Risk-Adjusted Performance

0 of 100

 
Weak
 
Strong
Very Weak
Over the last 90 days B 52 Capital Public has generated negative risk-adjusted returns adding no value to investors with long positions. Despite conflicting performance in the last few months, the Stock's basic indicators remain quite persistent which may send shares a bit higher in January 2025. The latest mess may also be a sign of long-standing up-swing for the company institutional investors.

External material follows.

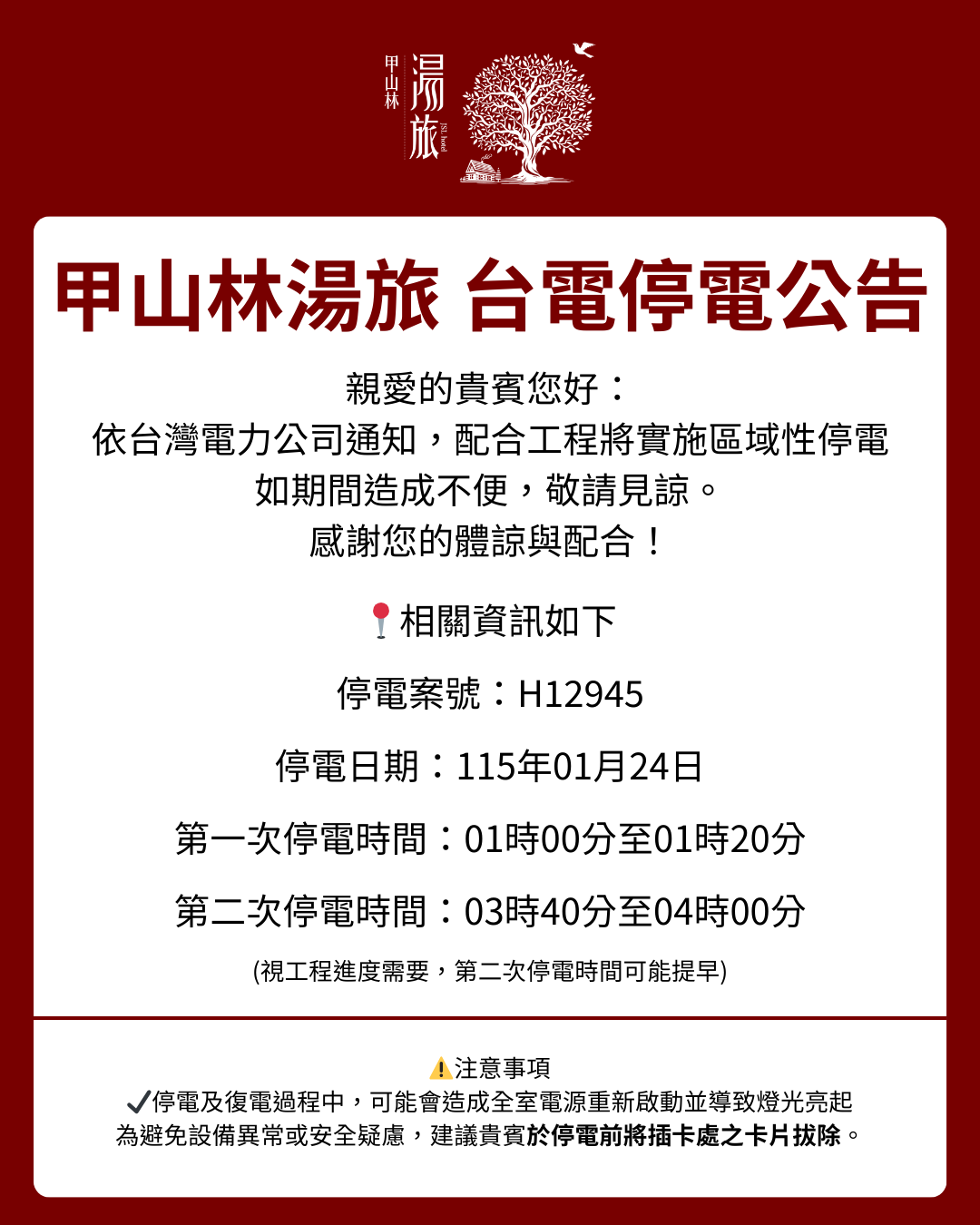 null 住房優惠 甲山林湯旅🪧台電停電公告 親愛的貴賓您好: 依台灣電力公司通知 因配合工程需要,將實施區域性停電 📍相關資訊如下 停電案號:H12945 停電日期:115年01月24日 第一次停電時間:01時00分至01時20分 第二次停電時間:03時40分至04時00分 (視工程進度需要,第二次停電時間可能提早) ⚠️注意事項 ✔️停電及復電過程中,可能會造成全室電源重新啟動並導致燈光亮起,為避免設備異常或安全疑慮,建議貴賓於停電前將插卡處之卡片拔除。 最後,期間如造成不便敬請見諒 感謝您的體諒與配合! 更多資訊 閱讀完畢

Regional Container and B 52 Volatility Contrast

   Predicted Return Density   
       Returns  

Pair Trading with Regional Container and B 52

The main advantage of trading using opposite Regional Container and B 52 positions is that it hedges away some unsystematic risk. Because of two separate transactions, even if Regional Container position performs unexpectedly, B 52 can make up some of the losses. Pair trading also minimizes risk from directional movements in the market. For example, if an entire industry or sector drops because of unexpected headlines, the short position in B 52 will offset losses from the drop in B 52's long position.
The idea behind Regional Container Lines and B 52 Capital Public pairs trading is to make the combined position market-neutral, meaning the overall market's direction will not affect its win or loss (or potential downside or upside). This can be achieved by designing a pairs trade with two highly correlated stocks or equities that operate in a similar space or sector, making it possible to obtain profits through simple and relatively low-risk investment.
Check out your portfolio center.
Note that this page's information should be used as a complementary analysis to find the right mix of equity instruments to add to your existing portfolios or create a brand new portfolio. You can also try the Balance Of Power module to check stock momentum by analyzing Balance Of Power indicator and other technical ratios.